Formalize construction as a trajectory of (state_t, action_t, state_{t+1}) triples drawn from real build traces. Train a Joint-Embedding Predictive Architecture (JEPA): an online encoder maps the current state to a latent, a slow (EMA) target encoder maps the next state, and a predictor learns to map (latent_state, action) → predicted next latent. The self-supervised objective follows the VICReg → LeJEPA/SIGReg line (Bardes, Ponce & LeCun, 2022, arXiv:2105.04906; Balestriero & LeCun, 2025, arXiv:2511.08544).

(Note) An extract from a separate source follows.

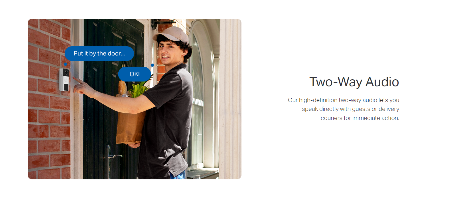 • Two-Way Audio: High-quality talk with premium mic and speakers.

If it works, three advisory uses follow: score whether a plan's steps stay coherent, suggest the orbital a near-complete app is missing, and flag knob/wiring combinations that drift off the valid manifold — all before spending a compile.

The honest result

We built it and ran the proof of concept. It did not validate: across seeds, discrimination sat at chance (AUC ≈ 0.49–0.51), and a single lucky run that looked good turned out, under an action-shuffle test, not to be using the action at all — the signal had leaked from the target encoder.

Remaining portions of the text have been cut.